DIRECTIONS FOR THIS TASK: Look below for the line with "Klasyczna koszula o" and the line with "Hình 96 minh". Copy exactly those two lines and every line between, but not the pictures.

[RECORDS SUPPLIED]

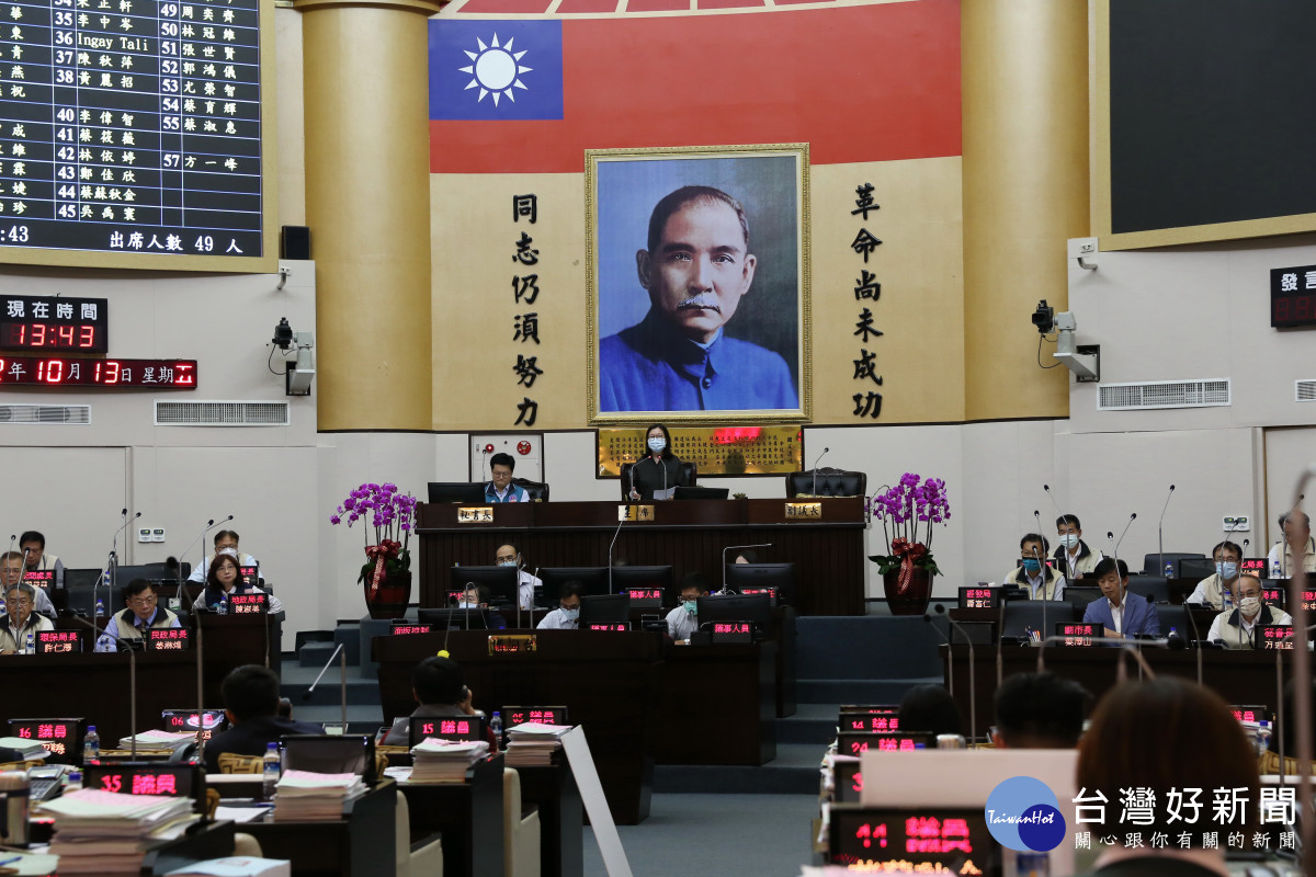 台南市議會13日下午回復大會,由議長邱莉莉擔任主席,討論10月5日因小犬颱風停會1天其後續相關議程變更事宜,第2次定期會會期順延1天,調整於12月1日閉幕。
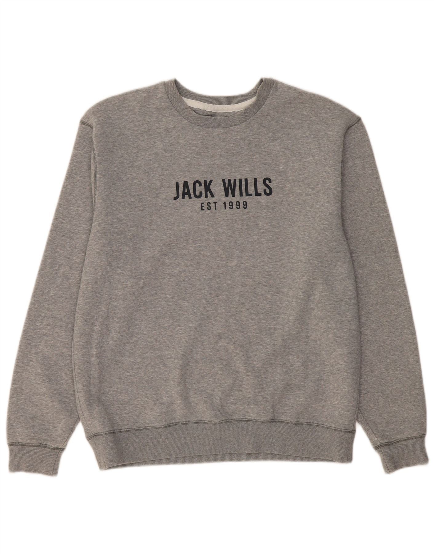 JACK WILLS Mens Graphic Sweatshirt Jumper Large Grey Cotton
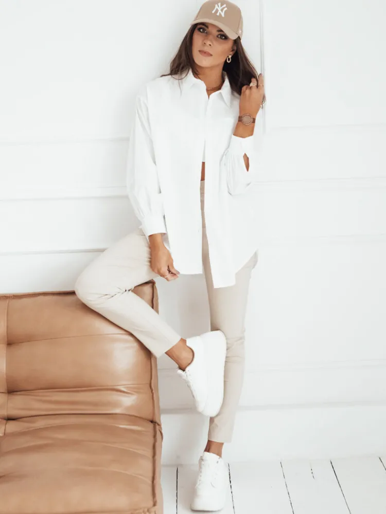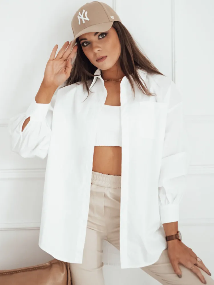 Klasyczna koszula o oversizowym i asymetrycznym fasonie to niezbędnik nadchodzącego sezonu. Na wysokości piersi posiada kieszonkę, która stanowi element ozdobny. Dłuższy tył sprawia, że perfekcyjnie zaprezentuje się w zestawieniu, np. z legginsami. Dzięki swojej uniwersalności idealnie dopełni niemal każdą stylizację nadając jej modnego wyglądu. Model dostępny w trzech wersjach kolorystycznych.
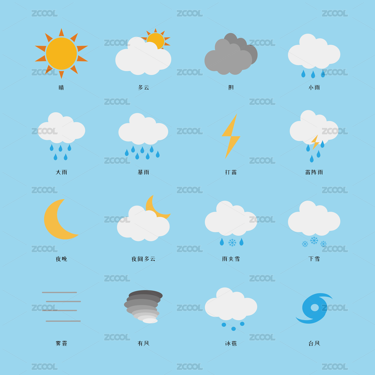 卡通簡約天氣圖標
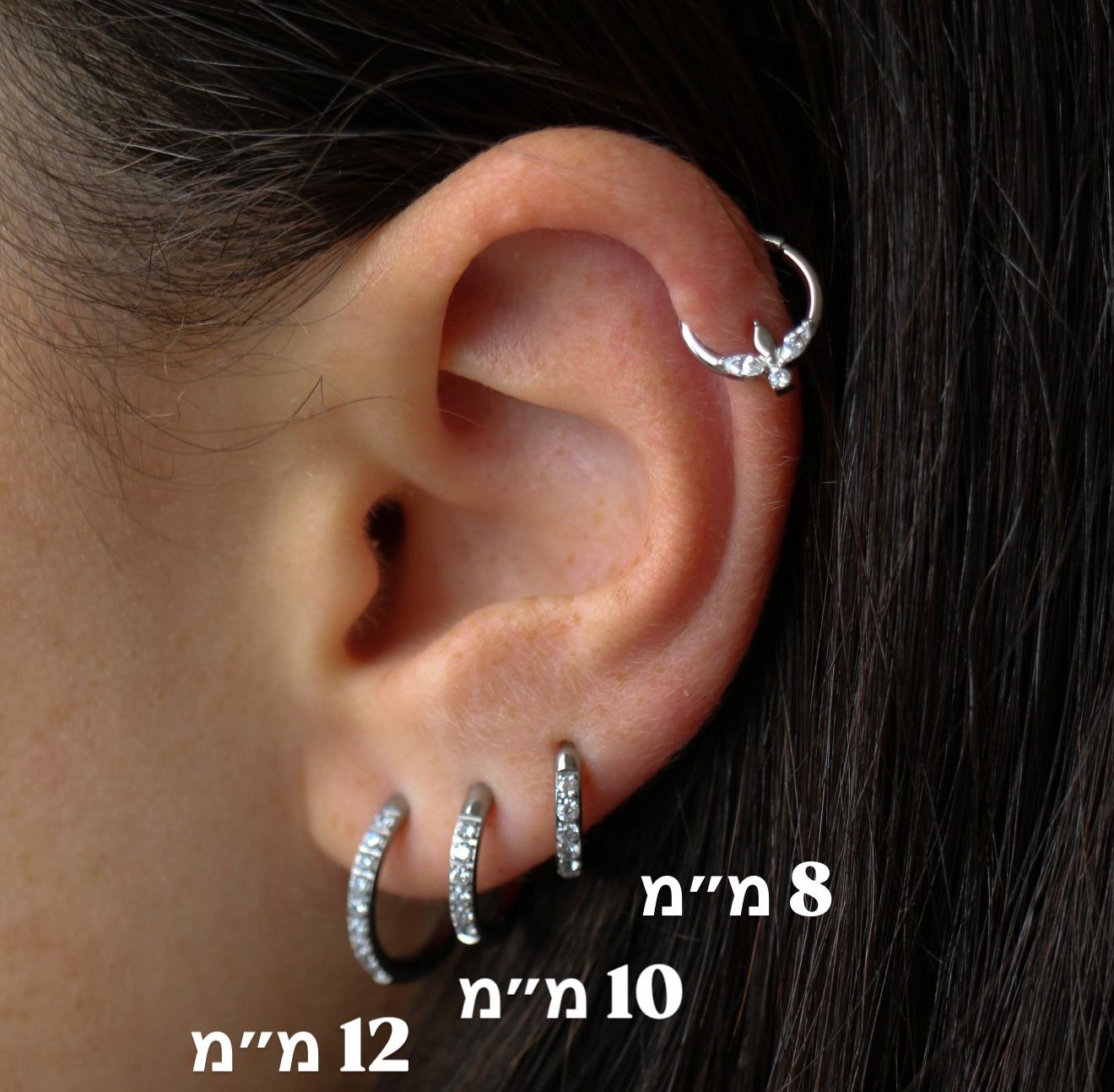 זוג עגילי חישוק האגיס מטיטניום 8 מ"מ עם קריסטלים לבנים
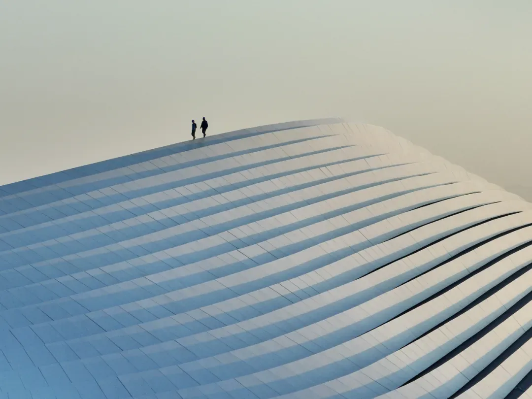 作品介绍:夕阳下行走在屋顶曲线下的建筑工作者。
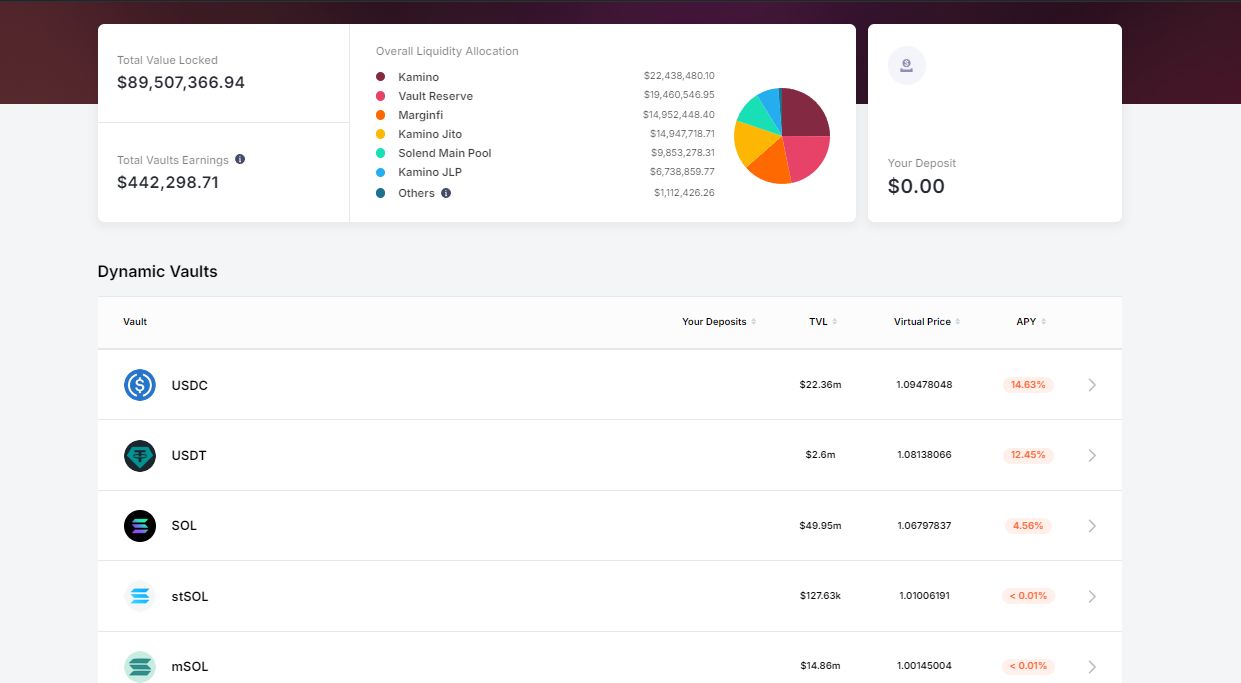 下图显示了来自不同分配器(如Kamino、Vault Reserve和Marginfi)的金库中锁仓的价值。它包括特定代币的总锁仓价值(TVL)、虚拟价格以及计算的年化收益率(APR)。
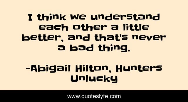 This page presents the quote "I think we understand each other a little better, and that's never a bad thing.". Author of this quote is Abigail Hilton, Hunters Unlucky. This quote is about understanding-others, understanding,.
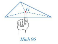 Hình 96 minh họa một miếng bìa phẳng có dạng hình tam giác đặt thăng bằng trên đầu ngón tay tại điểm G.
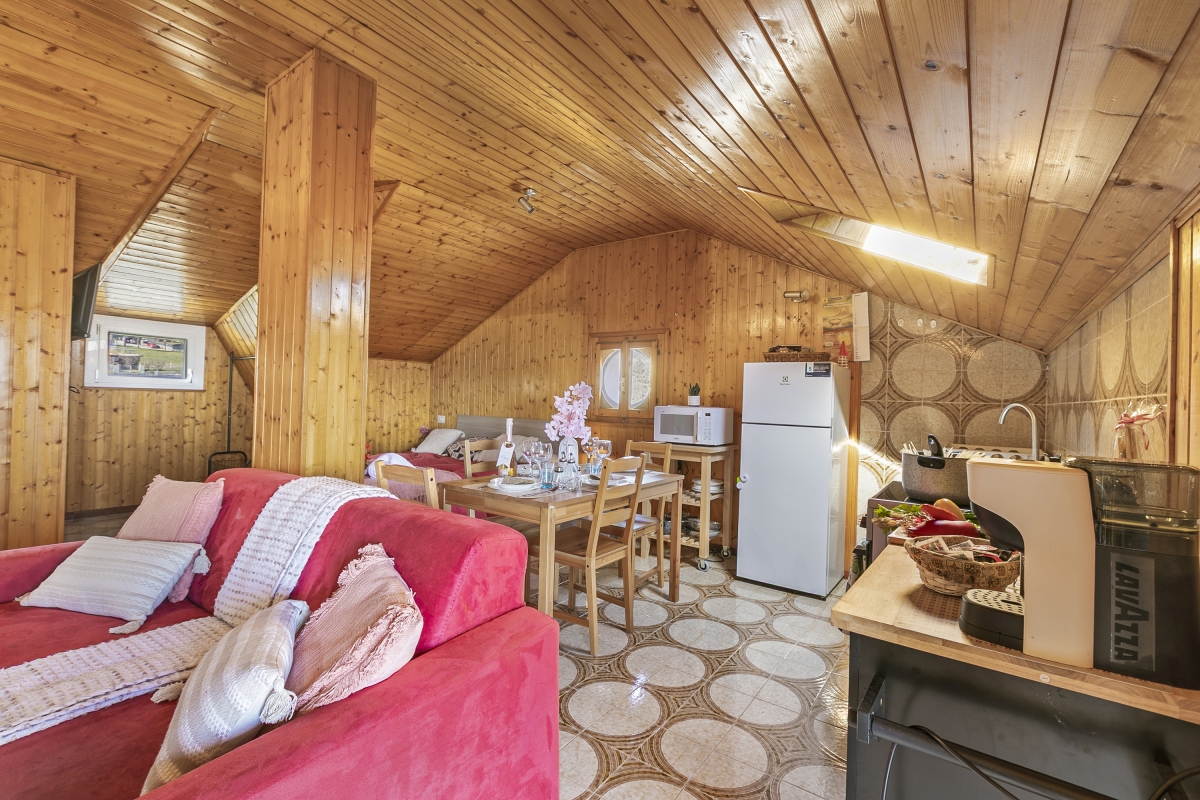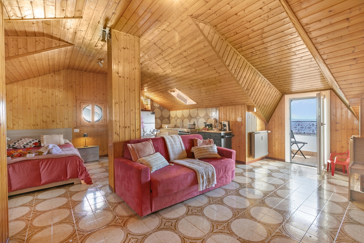 Perched on a hillside in the charming village of Nebbiuno, this inviting studio apartment offers a warm and tranquil escape for up to three guests. Located on the third floor, the open-plan layout is thoughtfully designed to combine comfort and functionality, making it ideal for couples or small families. The living space features a comfortable double bed along with a single sofa, creating a cozy setting to relax after a day of exploration.
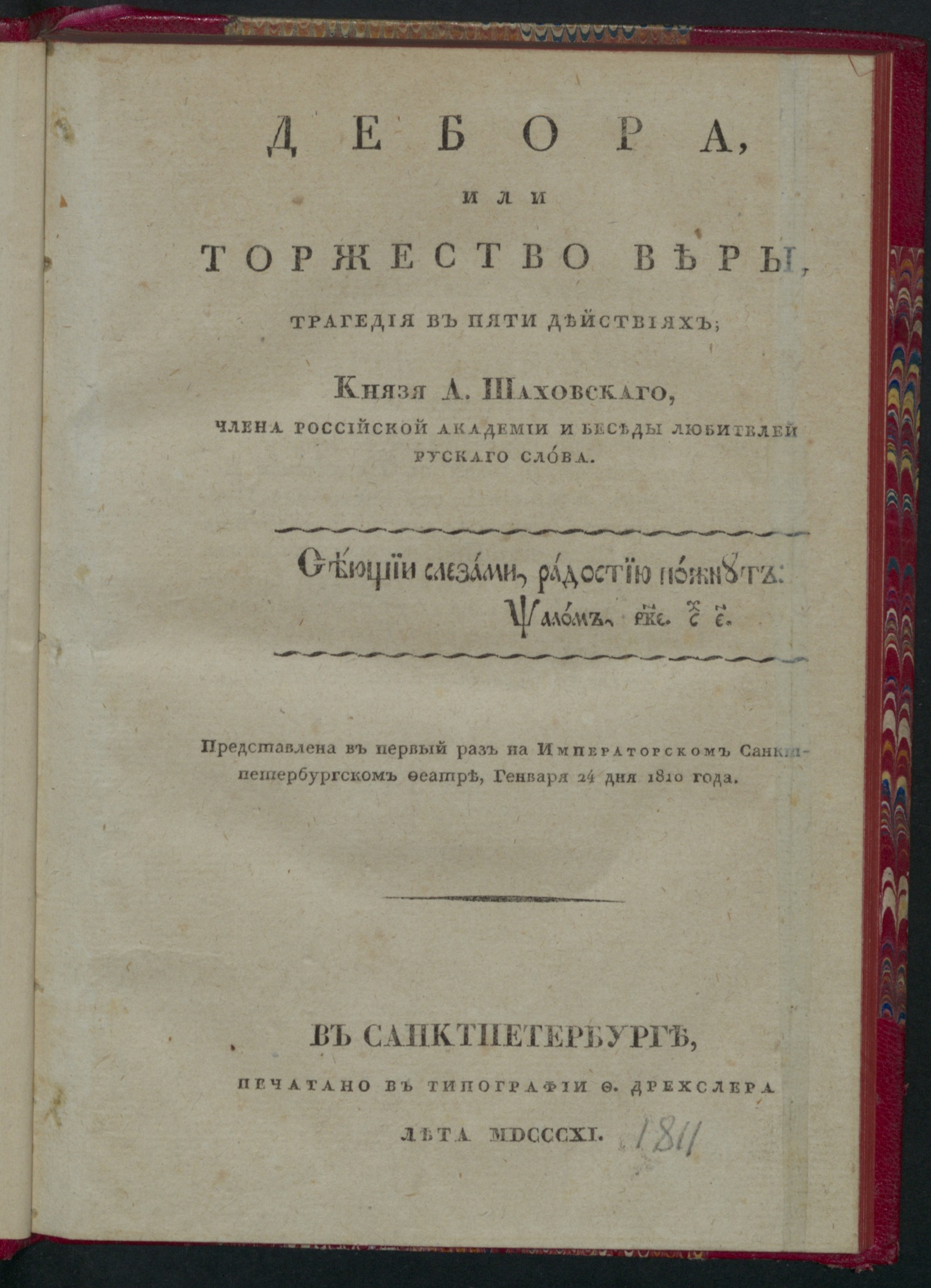 ИздательствоДебора, или Торжество веры, : трагедия в пяти действиях; = Торжество веры / князя А. Шаховскаго, члена Российской академии и Беседы любителей рускаго слова.; Представлена в первый раз на Императорском Санктпетербургском феатре, генваря 24 дня 1810 года

[/RECORDS SUPPLIED]

ANSWER TO THIS TASK:
 Klasyczna koszula o oversizowym i asymetrycznym fasonie to niezbędnik nadchodzącego sezonu. Na wysokości piersi posiada kieszonkę, która stanowi element ozdobny. Dłuższy tył sprawia, że perfekcyjnie zaprezentuje się w zestawieniu, np. z legginsami. Dzięki swojej uniwersalności idealnie dopełni niemal każdą stylizację nadając jej modnego wyglądu. Model dostępny w trzech wersjach kolorystycznych.
 卡通簡約天氣圖標
 זוג עגילי חישוק האגיס מטיטניום 8 מ"מ עם קריסטלים לבנים
 作品介绍:夕阳下行走在屋顶曲线下的建筑工作者。
 下图显示了来自不同分配器(如Kamino、Vault Reserve和Marginfi)的金库中锁仓的价值。它包括特定代币的总锁仓价值(TVL)、虚拟价格以及计算的年化收益率(APR)。
 This page presents the quote "I think we understand each other a little better, and that's never a bad thing.". Author of this quote is Abigail Hilton, Hunters Unlucky. This quote is about understanding-others, understanding,.
 Hình 96 minh họa một miếng bìa phẳng có dạng hình tam giác đặt thăng bằng trên đầu ngón tay tại điểm G.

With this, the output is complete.